Making friends can be hard to do, but I'm not giving up yet. I've only been here eight days; these eight days do include a weekend which is typically the most important time and the only reason to have friends. Of course I'm kidding when I say this. There are numerous reasons why people want to hold a friendship with one another: the ability to confide secrets to one another, ask for advice, share great conversation and memories with, etc. However, when moving to a new place don't expect this kind of friendship right away. In a situation like this, one really just wants someone to "hang" with. Especially during the weekend. This two day stretch with no one to talk to but the walls can be a lonely time. The weekend tends to be a time where people come together with the same idea in mind to loosen their ties, let down their hair and have some fun. I typically don't have trouble making friends. To be fair, people just flock to me. Ok, I'm kidding again. I'm no better at making friends than Kimmy Gibbler, but I do hope I'm a little better than Sheldon.
Now, I have actually used the friendship algorithm recently. Early last week when walking out of my building I ran into two other foreigners. We were all heading to work so there was only enough time for a quick introduction which included telling our apartment number. What do you know, one of the foreigners lives right across the hall from me. The next afternoon instead of calling like Sheldon, I walked across the hall and knocked on her door. Nobody was home. Feeling defeated I sad walked back to my apartment. Figuring she was probably still at work, the next day I decided to leave a post-it on her door saying,
"Hey, I have a ton of questions about living here. Let's have coffee!" - angel
As soon as I posted it on her door I got the bright idea to knock one last time. Of course she was home throwing me completely off. I wasn't prepared to chit chat. No preparation was done like I usually do prior to meeting someone new. There was no pep talk, no looking in the mirror saying, "just be yourself." NOTHING. I had to improv, so improv is what I did. Stumbling into her apartment after being invited in, we chatted for a bit and exchanged numbers. She could not meet that night because she was meeting someone of interest if you know what I mean. Thinking everything was over I continued to my apartment and started watching Desperate Housewives. Since it is the last season, this episode was especially sad and what do people with hearts do when watching something sad? They cry. I cried like a baby. I was mid-bawl when my door bell rang. Thinking I could clean up by the time I made it to the door. I walked over wiping my face and answered the door. I didn't stop crying. I continued to cry after opening the door and while greeting my new neighbor/ex-friend I never made. She looked at me weirdly and asked if she looked ok - remember she had a date that night. Through the tears I shook my head yes. Being the nice ex-friend I never made she kindly asked if I was ok. I explained what was going on and then commented on how her shoes were awesome. I then awkwardly said good luck and shut the door. She never called that weekend.
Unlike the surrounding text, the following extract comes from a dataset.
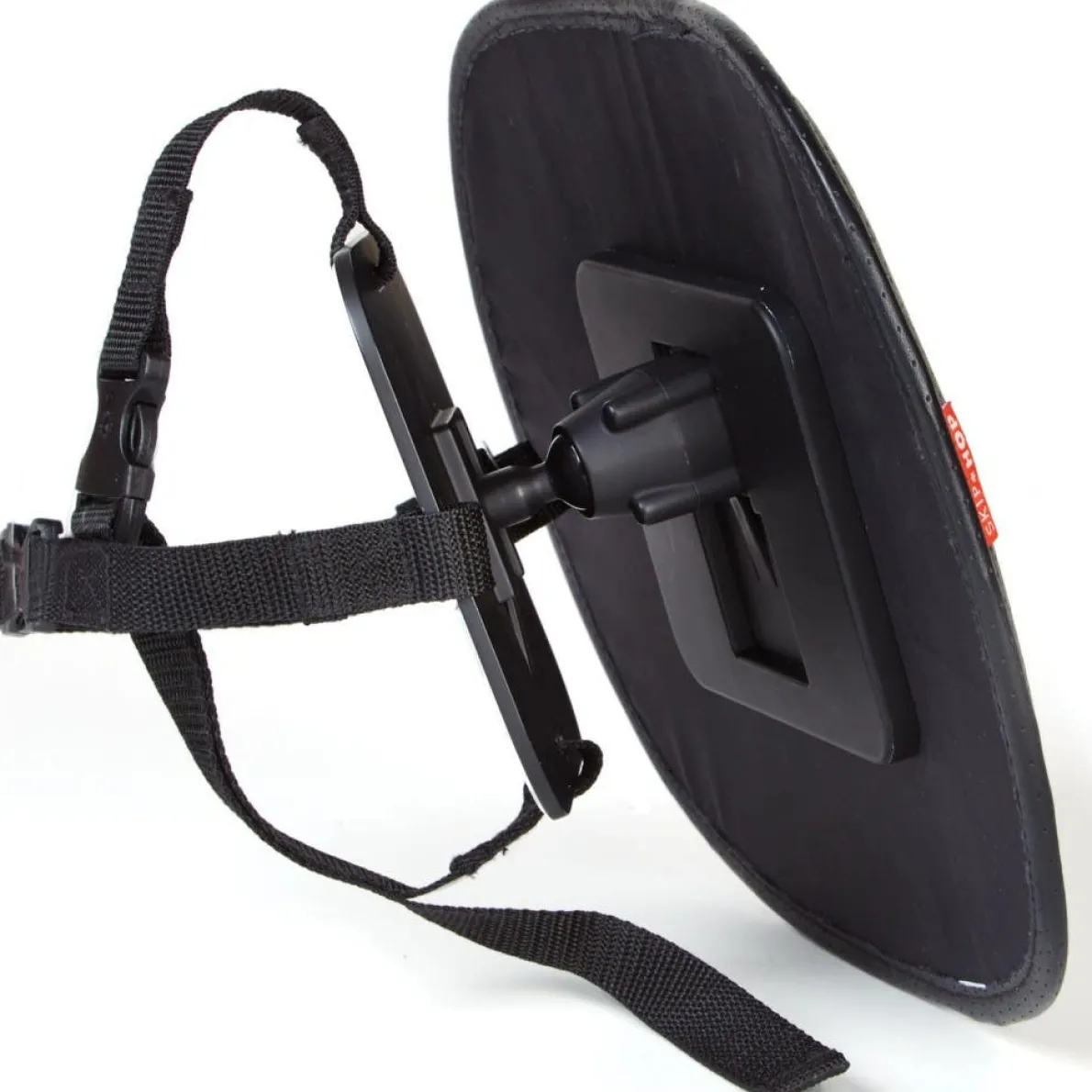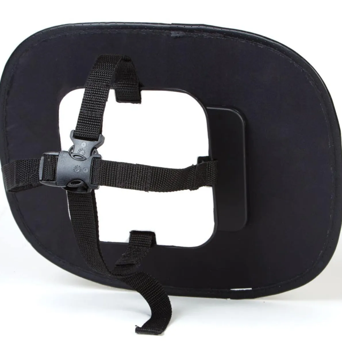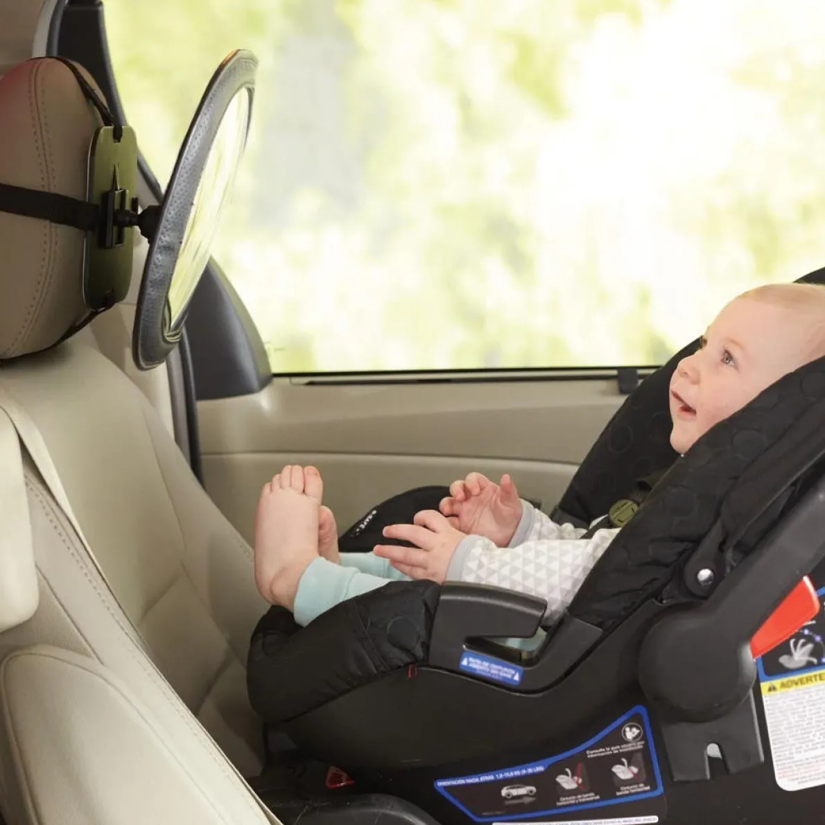 This smart-looking baby car mirror proves a wide angle view of little one. The fashionable faux leather trim coordinates with any car interior.

Am I happy this happened? No. But it is a good story. I did meet up and have dinner with the other girl I met that morning. Yesterday, Tuesday, I did unexpectedly receive a call from the girl who witnessed my cry fest. She invited me to coffee to chat with herself and several other girls. Looks like she feels sorry for me.
Ps - Thanks to all my readers...mostly friends I already have. I have 2,070 views!!! WOOT WOOT!!
bahahahahahahaha. so funny.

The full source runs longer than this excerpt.